Membership is capped at 750 families and the average member visits the store two or three times a week and has an average basket spend of £8.39. During a month, the member saves an average of £212. The average member stays for up to a year before deciding they are ready to move back into traditional retail purchasing.

The capped temporary membership model is to protect the independent stores in the impoverished areas that Gary’s stores serve. “We absolutely didn’t want to build a retail subculture for low-income communities. We didn’t want to move into a retail community and harm the independent shops that are the backbone of the local area and local employment,” Gary says. 

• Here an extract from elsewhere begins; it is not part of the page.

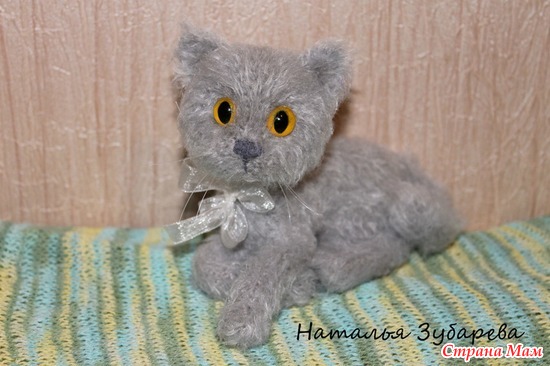 Связана крючком из фактурной пряжи ЛТС, имеет медный проволочный каркас, что позволяет придать ей любую позу, наполнитель синтепон.

Despite the centre’s origins being deeply rooted in retail, there’s much more to it. 

“The solution to people with multiple, complex barriers to success in their lives can’t be fixed by knocking 20p off a tin of beans,” he says. 

The store’s members take part in personal development plans and community kitchen activities and provide services such as litter picking, creative writing and sound therapy to the community. “It’s a help up, not a hand out,” Gary explains.

Part of this process is restoring people’s confidence around food. Describing its ‘food journal’ community kitchen activity, Gary says: “We ask people to tell stories from their life about food as a tool to discuss happy experiences. 

“We do that because, for a number of members, being able to acquire food each day has become a source of stress. And a community kitchen and food journal can help people to remember that food can be a source of delight and joy.”

With capped membership and fixed basket spend, there is a finite demand for produce, but even though much of the fresh surpluss stock they buy has a short shelf life, the store still has next to no food waste. 

“Having a community kitchen on site means we can be flexible and ensure we don’t waste anything. There couldn’t be a more flexible menu, it’s like ‘ready, steady, cook’ with scale,” says Gary. 

The shop is geared around providing low-income areas with affordable produce, which has traditionally been both a criticism of, and struggle for, estate-located independents, but Gary says responsibility lies on driving far larger change throughout society. 

“The challenge around getting healthy fresh produce into low-income local stores is a systemic problem. A solution will not be found by one retailer baring the burden and losing margin on fresh food,” he says.